Discoveries and developments happen so often in the world of technology that it is no longer possible to mark all the success stories and accept them all. Some developments do leave a mark for certain reasons. Python is one such programming language that arrived in a market with a considerable number of successful peers and more in the making. But since the very beginning it has been making a mark. Whether or not this statement is clichéd I do not seem to know but I must say that it is very hard to be simple if you are a coding language and still harder if you are used for data science applications. Python achieved just this. Its very conception was focused on simplicity and agility, and it seems that the world actually needed these qualities.
The basics are easy to learn
Python is often recommended as the first programming language to learn.

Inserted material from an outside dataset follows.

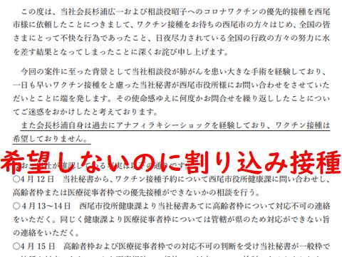 最初は否定していたが報道で広まると一応は謝罪のメッセージ、内容は国会議員のごとく「秘書が慮った・・」と秘書のせいにする内容。会長は希望してないと言いながら会場へ向かっていたと伝えられると「付き添いだった」と言い訳、いい年の大人が接種に付き添い? スギ薬局の社長(今はスギHD会長)もカンブリア宮殿に成功者として出演し盛んに自慢していたのだが、この「上級国民感覚」には大いにがっかり。 |

If you deduce from it that Python is a basic entry level language with very limited powers then your concept needs changing. The real point is that Python unlike most of its predecessors uses familiar characters for coding. The characters are simply easier to remember and hence to apply. Apart from that triggering the same function requires a lesser amount of Python code than Java, C or Pearl. Fewer amounts of code means less bugs and less time spent in debugging; this is one of the main reasons that Python is so dear to the programmers. While depending upon your ability and experience you can more or less use any language for any purpose, using Python for data science is probably the easiest choice for a newbie.
The ease in applying NLP with Python
If we want to assess the applicability of Python in real time problems then Natural Language Processing has to be mentioned. A unnervingly large portion of the accessible data comes in the form of unstructured text – mostly through chat bots, social networking sites and e-commerce websites. While reading a piece of text and understanding its significance seems pretty easy for anyone with knowledge of the respective language the case is totally different when it comes to dealing with gigabytes of unstructured data regularly it requires a system that can read and process textual data. Python proves to be an excellent tool for NLP programming. Since NLP is required in most marketing and service oriented enterprises Python also has become a favorite among them.
Wide range of applications
Python is used in a multivariate range of software systems and it also claims essentiality in different industries. E-commerce, social media, digital security and other digital industries as well as the global marketing sectors use Python for applied data science and analytics. Python comes with a great processing power and speed. Most importantly, being open source, Python is affordable for the startups and small scale enterprises that might not have the budget to integrate SAS. It provides both economic balance and superlative service. No wonder it is used by the sorts of IBM, NASA, Quora, YouTube, Dropbox etc.
The Python libraries make life infinitely easier for analysts and programmers. After you are done with Python data science course, the libraries are probably going to be your best friends. Some of the Python libraries deserve a special mention while there are others which are very useful depending on what you are up to. Requests library is one of the most used and most adored libraries. It makes the handling of web requests much easier. The Robobrowser library is rather new but has already made a mark for its effectiveness in simulating a browser. Scrapy is an excellent tool for data extracting. These tools being free and easily available, play a crucial part in Python’s coming up as a major language.
The Community of People
Since has been around for a while now the community of users has grown pretty strong. The language has impressed the young coders and they are eager to voice and to know about developments and unique usages of Python. Not only do you find solutions for numerous programming related problems from this community, these user forums also play a role in making the knowledge of new functionalities available to the mass. Python being an open source system itself makes good use of these forums as they work as kind of a large research team.
These are only a handful of the features that have earned Python a hefty fan base. Undergoing a Python data science course should help you explore more.